By Alan Goforth
A sharply divided government is creating concern among employers, according to Littler's 2014 Executive Employer Survey.
More than half (56 percent) of the 500 in-house counsel, HR professionals
and executives surveyed identify rulemaking and enhanced enforcement from federal agencies as the most troubling outcomes of a divided government.
“With Congress deadlocked and the ongoing divisions in government, employers are feeling the impact of President Obama’s focus on the federal agencies to bring about changes to workplace policy,” said Michael Lotito, co-chair of Littler’s Workplace Policy Institute. “As employers grapple with more-aggressive enforcement and workplace reforms from several federal agencies, the Department of Labor’s pursuit of President Obama’s ‘income inequality’ agenda was a particular area of concern for employers.
"Twenty-nine percent indicated concern with measures to raise the minimum wage and expand overtime pay, both of which will have a significant impact on employers’ bottom line.”

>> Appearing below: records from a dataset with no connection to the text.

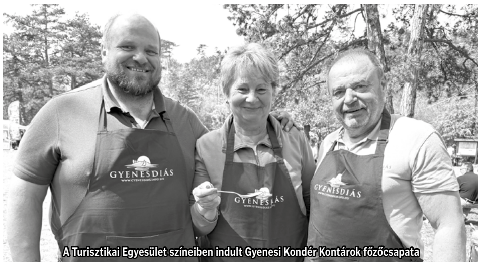
A Turisztikai Egyesület színeiben indult Gyenesi Kondér Kontárok főzőcsapata

A korábbi évek gyakorlatához hasonlóan a tavaszi hónapok a szezonra történő intenzív felkészüléssel teltek. Több nyomdai kiadványunk is megújult , amelyek immár elérhetőek a Tourinform Irodában. A sort szokásunkhoz híven a 2026-os rendezvénytárrunk nyitotta, amely magyar, német és angol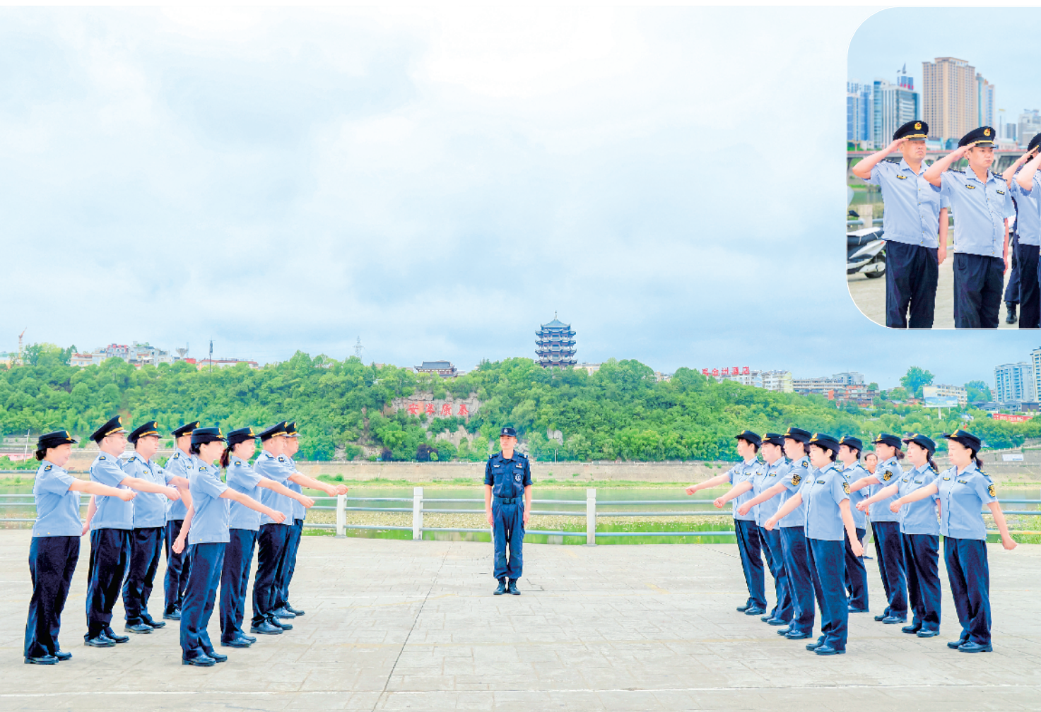
7月6日，汉滨区农业农村局组织执法人员，开展军事化队列训练，提升执法队伍的整体素质和能力水平，以新面貌、新形象为创建全国文明城市贡献力量。

据了解，襄阳市将此次活动作为7月份党支部主题党日活动的重要内容，以主题党日的仪式感，强化政治教育、党性锤炼，引导广大党员时刻增强党性意识，激励党员干部奋进新征程、建功新时代。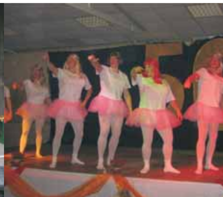
40. Jubiläum der LJ Osttünen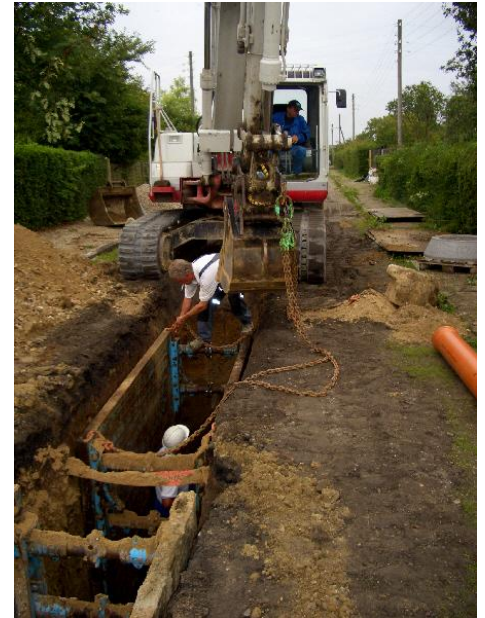
Kæden sættes på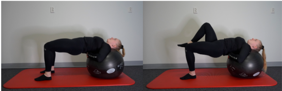
Kuva 3. Palloharjoite 2 (Hakkarainen & Ristolainen 2024)

Toisessa liikkeessä (kuva 3) hartiat asetetaan pallon päälle ja jalat lattialle polvet 90 asteen kulmaan, lantio pidetään ilmassa ja nostetaan jalkoja vuorotellen ilmaan (Kahle & Gribble 2009).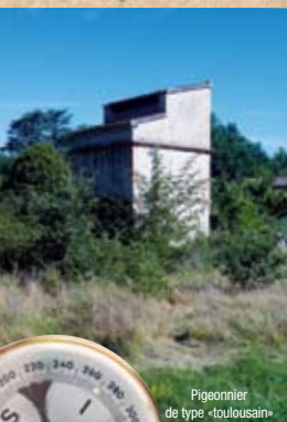
Pigeonnier de type «toulousain»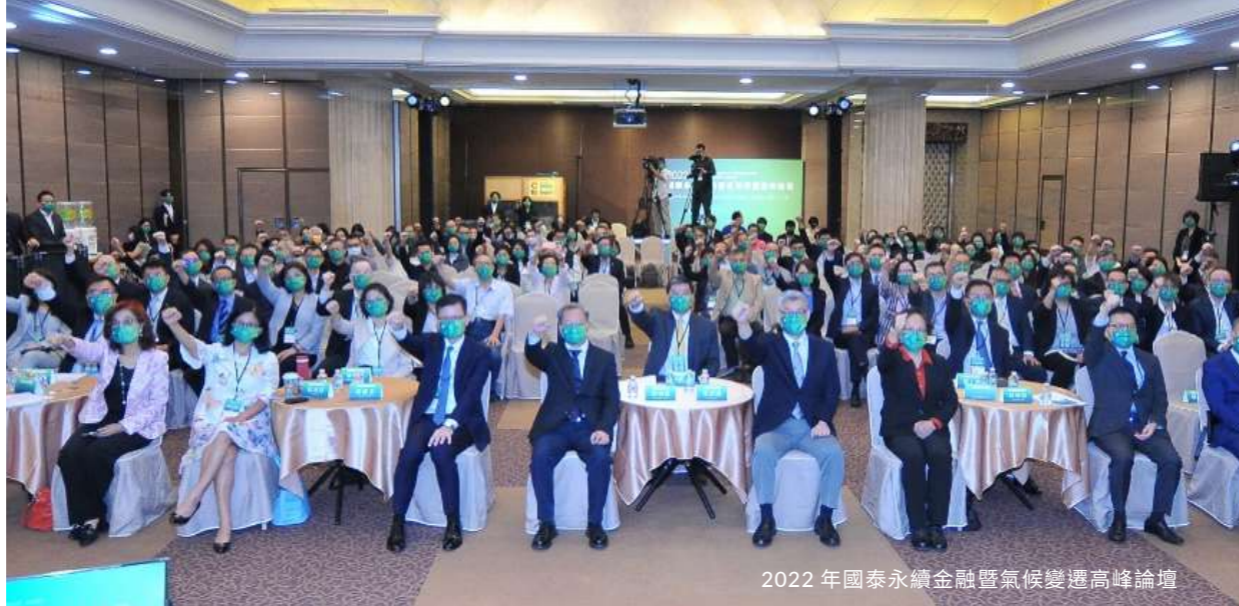
2022 年國泰永續金融暨氣候變遷高峰論壇

The regulatory issue that respondents expect to have the most impact on their workplace during the next 12 months is still the Patient Protection and Affordable Care Act. However, the number who believe it will have a significant impact dropped 16 percentage points, from 57 percent in the 2013 survey to 41 percent in 2014.
“It’s not to say that employers are no longer concerned about the ACA – they are, and health-care reform continues to be one of the most pressing issues on the minds of all employers,” said Steven Friedman, co-chair of Littler’s Employee Benefits Practice. “However uncertainty surrounding the ACA, as well as delays in its implementation, has created confusion among employers. In response, 58 percent said they have engaged employee benefits attorneys or consultants to help track changing deadlines and upcoming compliance obligations.”
Employers appear to be increasingly comfortable with the size of their current workforce. The percentage of respondents indicating no plans to make changes to their workforce has increased steadily over the past three years, from 13 percent in 2012 to 26 percent in 2014. However, employers still remain relatively bullish in their hiring plans, with the majority (53 percent) planning to hire workers in the coming year.
Employers identified several challenges in managing their workforces:
- Forty-eight percent report that current economic conditions are leading disgruntled employees to bring more lawsuits or claims against their employers — up 25 percentage points since last year.
- Discrimination and harassment are the areas in which respondents noted that their organization has seen the most employee lawsuits or class actions during the past year (40 percent), followed closely by wrongful termination claims, or wage and hour lawsuits (36 percent).
- Respondents believe worker retention presents the most difficulty in managing their workforce, with 88 percent having some level of concern.
- Employers also express concern with social media and employee privacy (86 percent); preventing abuse of leaves under the Family and Medical Leave Act and similar laws (69 percent); and managing generational differences between younger and older employees (68 percent).